**INFORMATION SUPPLIED**
·····

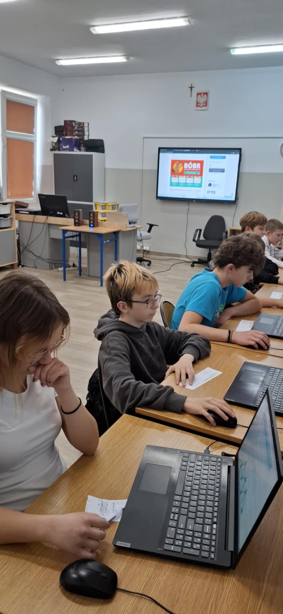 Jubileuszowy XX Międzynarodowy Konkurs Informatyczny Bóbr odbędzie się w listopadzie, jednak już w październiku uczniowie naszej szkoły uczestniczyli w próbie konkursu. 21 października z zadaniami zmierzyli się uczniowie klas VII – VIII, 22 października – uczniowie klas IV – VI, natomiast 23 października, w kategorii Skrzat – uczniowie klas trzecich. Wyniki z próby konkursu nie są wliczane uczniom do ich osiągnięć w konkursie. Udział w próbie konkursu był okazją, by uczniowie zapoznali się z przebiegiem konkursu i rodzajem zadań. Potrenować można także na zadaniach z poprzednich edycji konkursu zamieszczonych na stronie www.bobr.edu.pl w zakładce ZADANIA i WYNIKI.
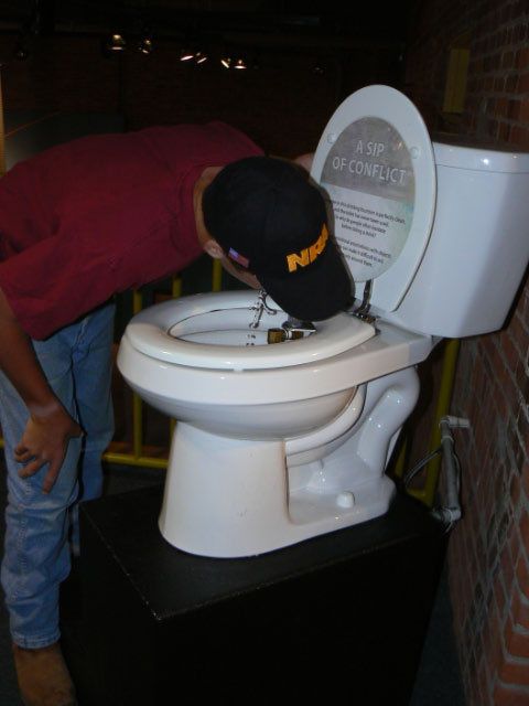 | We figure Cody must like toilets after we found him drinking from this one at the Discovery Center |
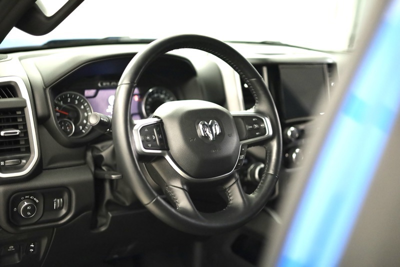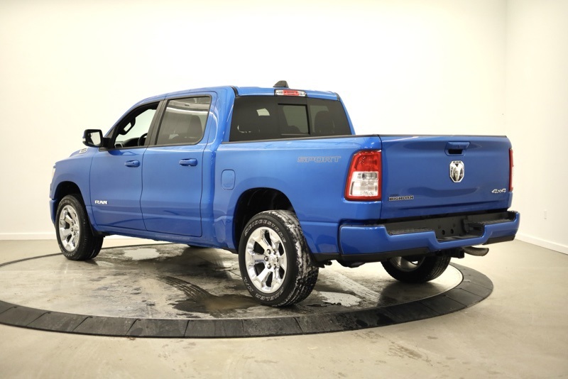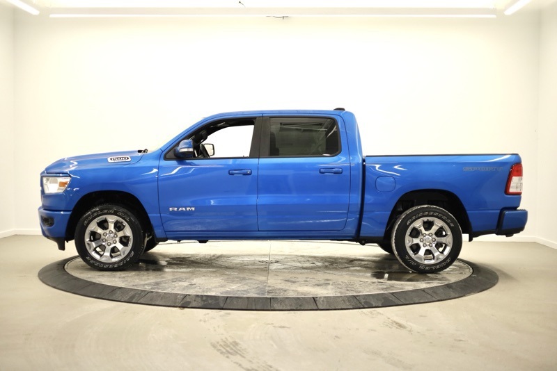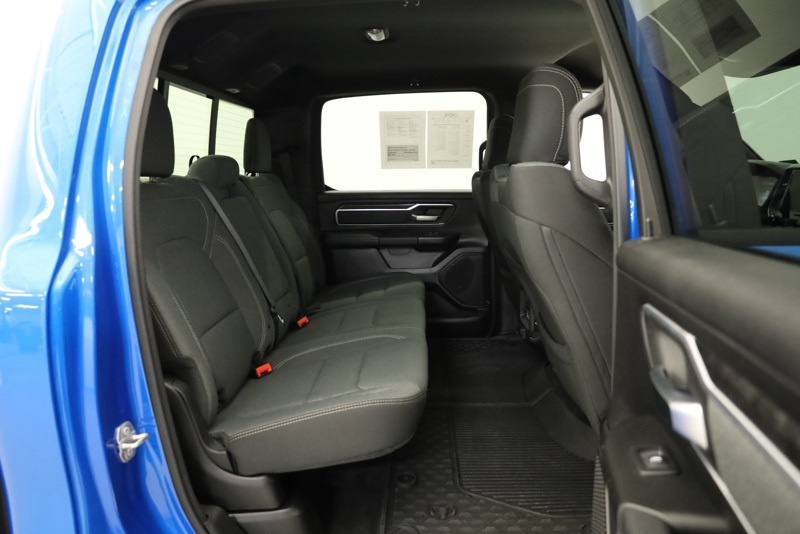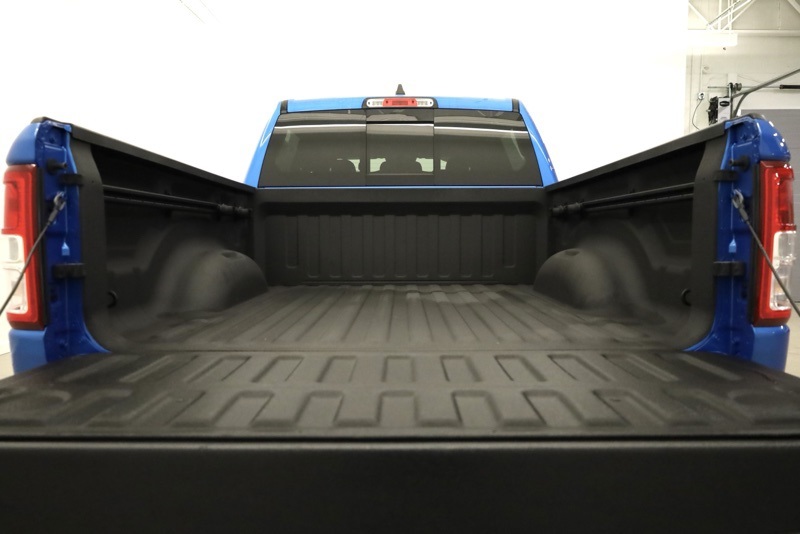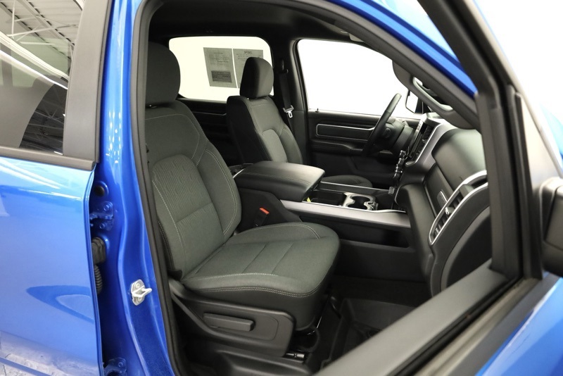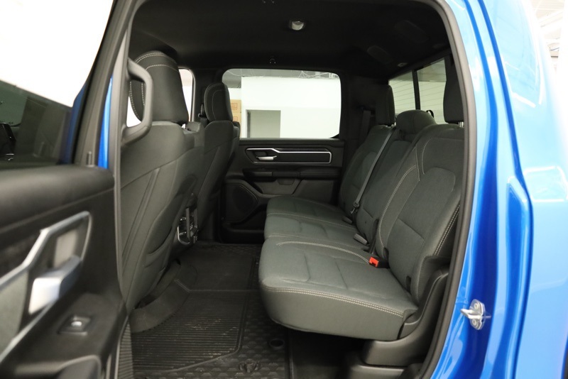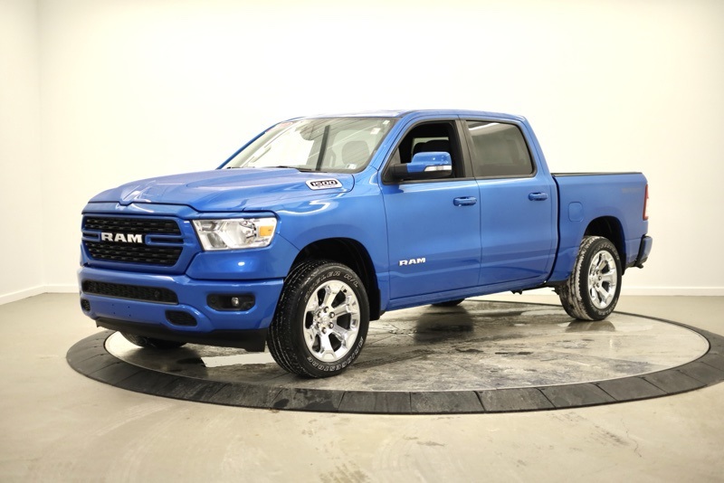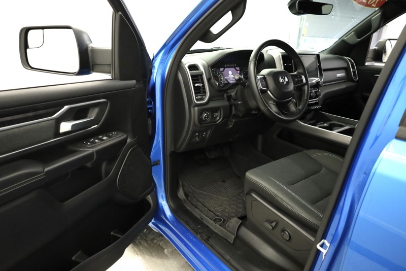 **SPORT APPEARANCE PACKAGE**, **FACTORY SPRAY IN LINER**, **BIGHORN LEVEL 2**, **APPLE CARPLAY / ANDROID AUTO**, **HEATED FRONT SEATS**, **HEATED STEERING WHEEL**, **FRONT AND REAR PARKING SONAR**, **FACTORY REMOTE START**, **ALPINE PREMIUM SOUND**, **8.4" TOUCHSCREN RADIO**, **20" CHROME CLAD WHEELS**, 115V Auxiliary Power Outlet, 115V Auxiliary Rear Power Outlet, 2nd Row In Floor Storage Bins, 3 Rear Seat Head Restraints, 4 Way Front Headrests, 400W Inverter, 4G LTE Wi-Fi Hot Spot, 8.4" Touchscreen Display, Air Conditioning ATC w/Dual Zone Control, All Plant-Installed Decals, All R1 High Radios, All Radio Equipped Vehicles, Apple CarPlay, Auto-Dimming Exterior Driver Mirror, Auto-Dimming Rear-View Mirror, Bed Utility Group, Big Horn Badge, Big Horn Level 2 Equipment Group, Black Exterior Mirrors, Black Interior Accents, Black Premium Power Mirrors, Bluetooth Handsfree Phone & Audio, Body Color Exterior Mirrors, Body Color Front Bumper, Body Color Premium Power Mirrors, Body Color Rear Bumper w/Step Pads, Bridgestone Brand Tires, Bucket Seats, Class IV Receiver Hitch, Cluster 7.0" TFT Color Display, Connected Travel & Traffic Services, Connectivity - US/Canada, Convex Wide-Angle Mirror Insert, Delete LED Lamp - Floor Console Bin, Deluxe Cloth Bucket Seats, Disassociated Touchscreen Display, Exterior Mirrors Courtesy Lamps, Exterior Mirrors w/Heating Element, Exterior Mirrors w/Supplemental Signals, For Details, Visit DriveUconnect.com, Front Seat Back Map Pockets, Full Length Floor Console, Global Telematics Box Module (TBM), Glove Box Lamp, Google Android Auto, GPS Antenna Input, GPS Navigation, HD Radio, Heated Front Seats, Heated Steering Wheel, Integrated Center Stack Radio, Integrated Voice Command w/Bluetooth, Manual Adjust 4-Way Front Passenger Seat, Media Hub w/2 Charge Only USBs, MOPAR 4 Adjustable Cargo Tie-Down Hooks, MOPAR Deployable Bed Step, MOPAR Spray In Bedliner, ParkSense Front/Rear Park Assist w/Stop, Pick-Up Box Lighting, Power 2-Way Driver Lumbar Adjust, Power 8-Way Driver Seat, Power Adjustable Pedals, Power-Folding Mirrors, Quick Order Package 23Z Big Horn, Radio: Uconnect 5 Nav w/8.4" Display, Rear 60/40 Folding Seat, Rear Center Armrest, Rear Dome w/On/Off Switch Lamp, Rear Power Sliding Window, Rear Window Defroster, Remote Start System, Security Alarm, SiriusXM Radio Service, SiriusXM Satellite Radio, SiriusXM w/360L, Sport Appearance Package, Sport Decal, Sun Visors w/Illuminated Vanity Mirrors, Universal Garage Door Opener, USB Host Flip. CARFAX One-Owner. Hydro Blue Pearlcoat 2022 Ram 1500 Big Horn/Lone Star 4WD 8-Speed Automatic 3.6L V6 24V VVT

·····

**TASK TO COMPLETE**
Only the lines from the start of the material to the line with "Discovery Center |", inclusive, belong in the answer, printed exactly and free of pictures.

**YOUR SOLUTION**
 Jubileuszowy XX Międzynarodowy Konkurs Informatyczny Bóbr odbędzie się w listopadzie, jednak już w październiku uczniowie naszej szkoły uczestniczyli w próbie konkursu. 21 października z zadaniami zmierzyli się uczniowie klas VII – VIII, 22 października – uczniowie klas IV – VI, natomiast 23 października, w kategorii Skrzat – uczniowie klas trzecich. Wyniki z próby konkursu nie są wliczane uczniom do ich osiągnięć w konkursie. Udział w próbie konkursu był okazją, by uczniowie zapoznali się z przebiegiem konkursu i rodzajem zadań. Potrenować można także na zadaniach z poprzednich edycji konkursu zamieszczonych na stronie www.bobr.edu.pl w zakładce ZADANIA i WYNIKI.
 | We figure Cody must like toilets after we found him drinking from this one at the Discovery Center |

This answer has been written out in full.